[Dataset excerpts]

Content starts

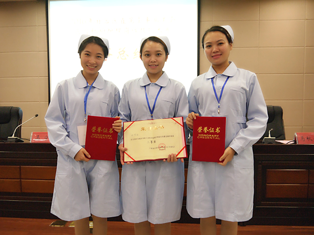 除了在工作中以护士的职业操守严格要求自己,在学习上,她也毫不懈怠。每年医院举办的各项比赛,总有她踊跃积极的身影,尽可能发挥自身的优势与特长,不断地充实自己,提高各方面的素养。在2015-2017年期间,分别获得“护理教研室青年教师教学基本功比赛”二等奖,“中医特色护理技术成果展示大赛”一等奖,“庆祝中国共产党成立94周年经典诗文朗诵比赛”二等奖,“庆祝护士节暨诵读比赛”一等奖。而这些荣誉的背后,却是她无数个日夜的辛勤努力和刻苦钻研。她一直坚信,机会是留给有准备的人,虽然努力付出不一定会有回报,但不努力,成功只会离自己越来越远。此外,在医院领导及护理部的指导与帮助下,她还积极参加区级以及国家级的比赛,通过层层筛选在广西赛区崭露头角,最终有机会参加第一届全国“医院感染防控,最佳临床护理实践”讲课比赛,并获得“优秀奖”,同年代表医院参加广西壮族自治区直属企事业工会医疗机构护理岗位技能竞赛,获得“三等奖”,2017年参加中国神经内科青年医师风采大赛演讲比赛“赛区晋级奖”。奋斗拼搏的道路,是艰难和险阻,是汗水和泪水搭建而成的。她曾因为忍受不了高强度的训练而默默留下眼泪,因为无法达到要求而沮丧得想过放弃,最终以坚定地信念,坚韧的性格,高度的思想觉悟,坚持完成了每一次比赛。
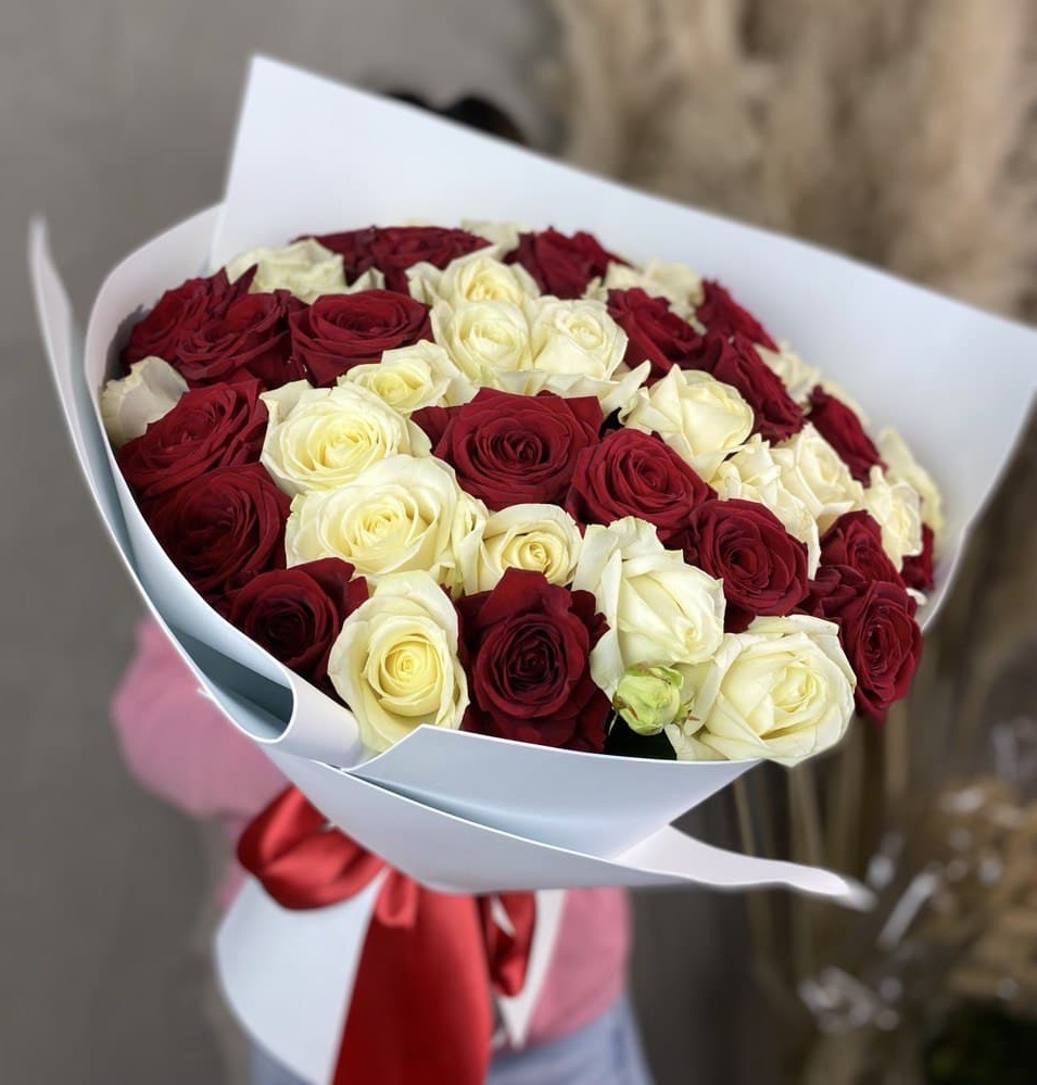 Для заказа товара "51 красная и белая роза" с доставкой в Уфе нажмите в корзину
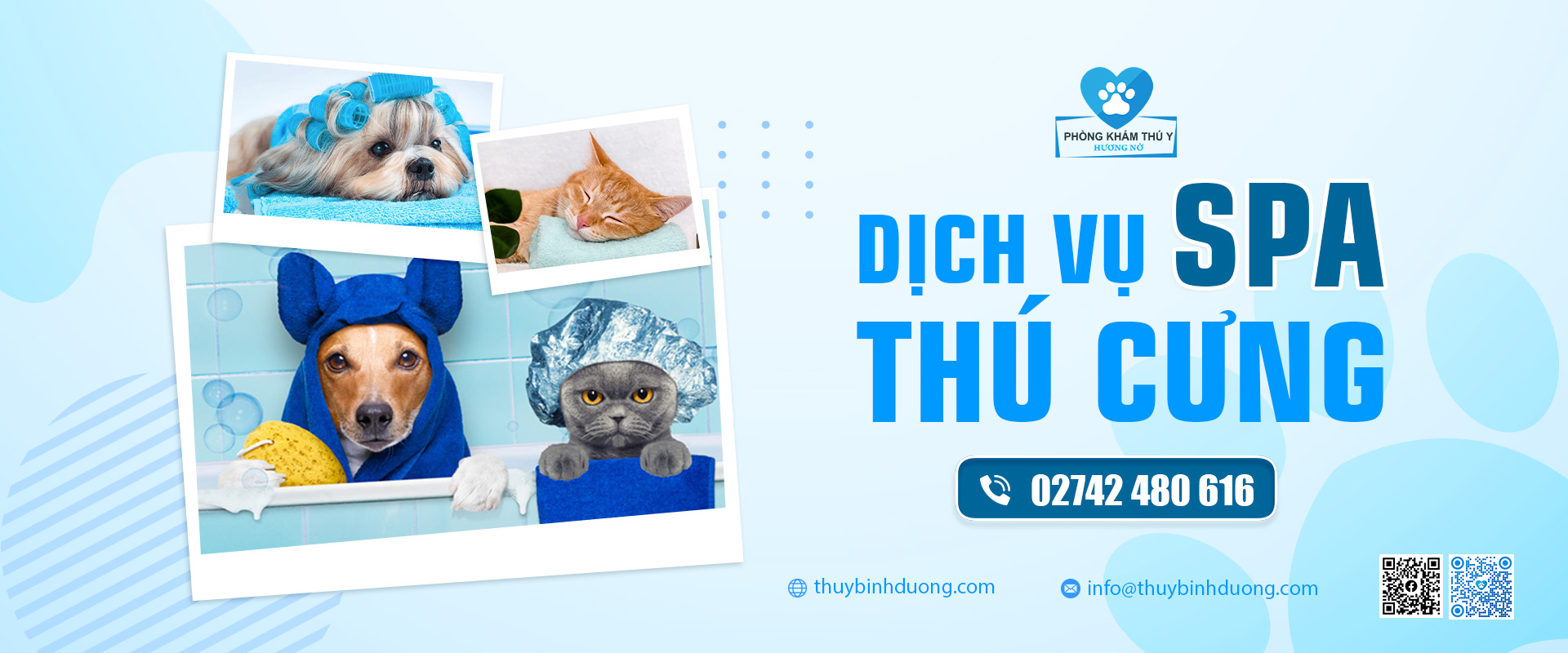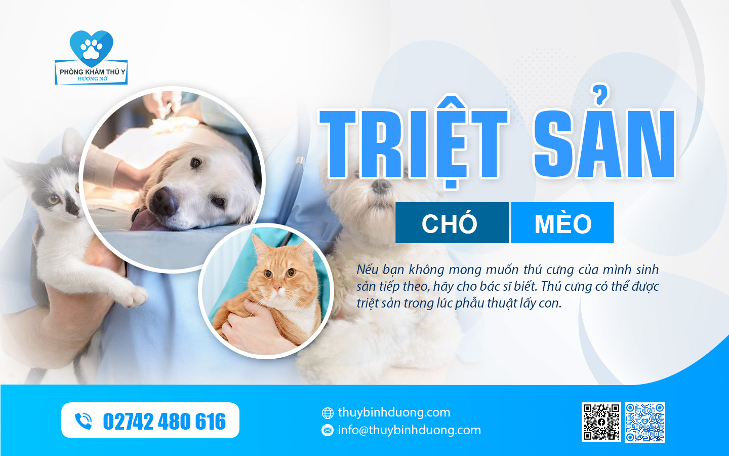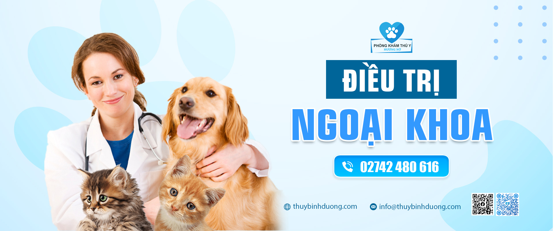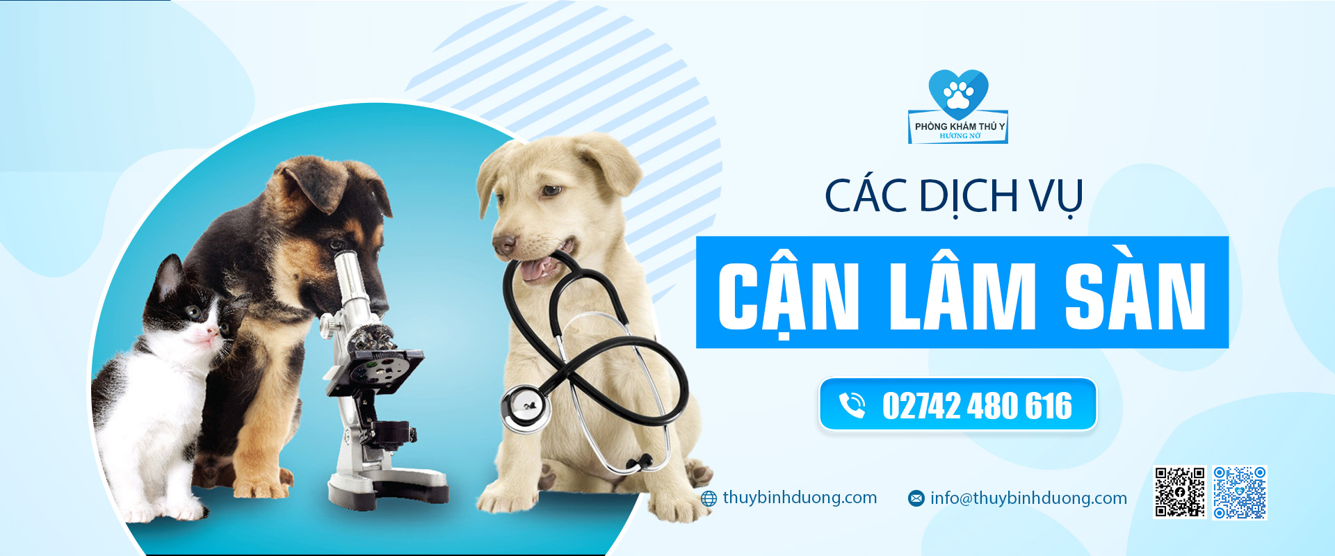 Phòng khám Thú Y Hương Nở – Bình Dương cung cấp dịch vụ cho thú cưng như: Chăm sóc – Điều trị nội khoa – Khám tổng quát Chó Mèo, các dịch vụ cận lâm sàng, điều trị ngoại khoa, Triệt sản – Thiến đực cho Chó Mèo, Đỡ đẻ – Mổ đẻ cho Chó Mèo, Tiêm phòng và tẩy giun sán cho Chó Mèo, Tắm spa trọn gói và cạo cắt tỉa lông Chó Mèo, Dịch vụ Khách sạn lưu trú Chó Mèo tại Thủ Dầu Một, Bình Dương.
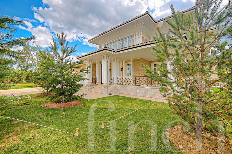 Описание дома. Материал кирпич, деревянные стеклопакеты, натуральная черепица, отделка фасада штукатуркой, камнем, мозаикой.
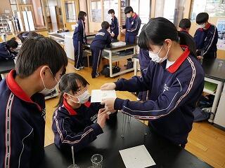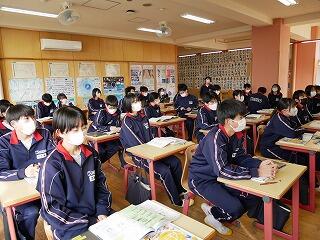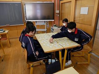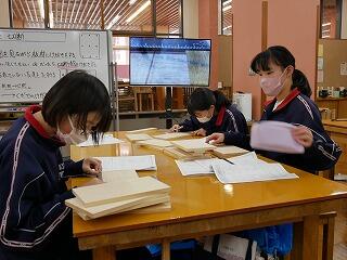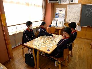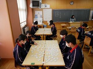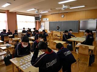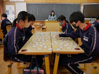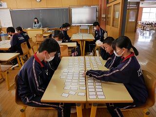 古典の学習の一環として、2年生でも百人一首カルタ取りを行っていました。先生が読み上げる和歌の下の句を、仮名遣いに注意しながら誰よりも早く取ろうと盛り上がっていました。

Content ends

TRY IT
Copy the records exactly; no image should appear in the result.

SOLUTION FOR THIS PROBLEM
 除了在工作中以护士的职业操守严格要求自己,在学习上,她也毫不懈怠。每年医院举办的各项比赛,总有她踊跃积极的身影,尽可能发挥自身的优势与特长,不断地充实自己,提高各方面的素养。在2015-2017年期间,分别获得“护理教研室青年教师教学基本功比赛”二等奖,“中医特色护理技术成果展示大赛”一等奖,“庆祝中国共产党成立94周年经典诗文朗诵比赛”二等奖,“庆祝护士节暨诵读比赛”一等奖。而这些荣誉的背后,却是她无数个日夜的辛勤努力和刻苦钻研。她一直坚信,机会是留给有准备的人,虽然努力付出不一定会有回报,但不努力,成功只会离自己越来越远。此外,在医院领导及护理部的指导与帮助下,她还积极参加区级以及国家级的比赛,通过层层筛选在广西赛区崭露头角,最终有机会参加第一届全国“医院感染防控,最佳临床护理实践”讲课比赛,并获得“优秀奖”,同年代表医院参加广西壮族自治区直属企事业工会医疗机构护理岗位技能竞赛,获得“三等奖”,2017年参加中国神经内科青年医师风采大赛演讲比赛“赛区晋级奖”。奋斗拼搏的道路,是艰难和险阻,是汗水和泪水搭建而成的。她曾因为忍受不了高强度的训练而默默留下眼泪,因为无法达到要求而沮丧得想过放弃,最终以坚定地信念,坚韧的性格,高度的思想觉悟,坚持完成了每一次比赛。
 Для заказа товара "51 красная и белая роза" с доставкой в Уфе нажмите в корзину
 Phòng khám Thú Y Hương Nở – Bình Dương cung cấp dịch vụ cho thú cưng như: Chăm sóc – Điều trị nội khoa – Khám tổng quát Chó Mèo, các dịch vụ cận lâm sàng, điều trị ngoại khoa, Triệt sản – Thiến đực cho Chó Mèo, Đỡ đẻ – Mổ đẻ cho Chó Mèo, Tiêm phòng và tẩy giun sán cho Chó Mèo, Tắm spa trọn gói và cạo cắt tỉa lông Chó Mèo, Dịch vụ Khách sạn lưu trú Chó Mèo tại Thủ Dầu Một, Bình Dương.
 Описание дома. Материал кирпич, деревянные стеклопакеты, натуральная черепица, отделка фасада штукатуркой, камнем, мозаикой.
 古典の学習の一環として、2年生でも百人一首カルタ取りを行っていました。先生が読み上げる和歌の下の句を、仮名遣いに注意しながら誰よりも早く取ろうと盛り上がっていました。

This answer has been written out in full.